## TASK TO COMPLETE
Starting at the first line of the data, print each line verbatim up to and including the line bearing "Reading about Teddy", omitting pictures.

## THE DATA
+-------+

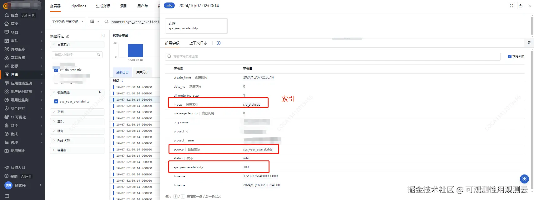 - 索引名称:slo_statistic
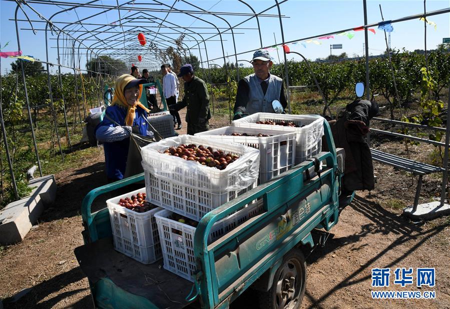 10月17日,在山東省青島市即墨區(qū)藍村鎮(zhèn)王演莊北村,種植戶在果園里收集采摘的大棗。 金秋時節(jié),農民們忙著收獲成熟的農作物,喜迎豐收。 新華社記者 李紫恒攝
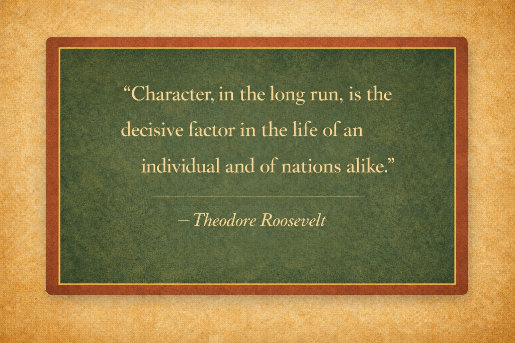Reading about Teddy Roosevelt has reminded me that leadership begins as character, as preparation, as the discipline of men and women who believe they are responsible for more than their own advancement.
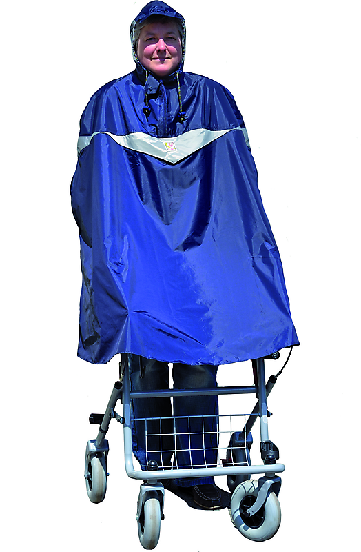 ROLLATOR – PONCHO B Passend für Sie und Ihren Rollator. Mit dem MPB Poncho bleiben Sie und Ihr Gehwagen trocken trotz Regen. dunkelblau mit Reflektorstreifen, vorn und hinten 100% Nylon, extrem wasserfest doppelt genäht Nähte zusätzlich verschweißt atmungsaktiv durch Rückenlüftung Kapuze mit Sichtfenstern Wasserdicht

+-------+

## EXPECTED ANSWER
 - 索引名称:slo_statistic
 10月17日,在山東省青島市即墨區(qū)藍村鎮(zhèn)王演莊北村,種植戶在果園里收集采摘的大棗。 金秋時節(jié),農民們忙著收獲成熟的農作物,喜迎豐收。 新華社記者 李紫恒攝
Reading about Teddy Roosevelt has reminded me that leadership begins as character, as preparation, as the discipline of men and women who believe they are responsible for more than their own advancement.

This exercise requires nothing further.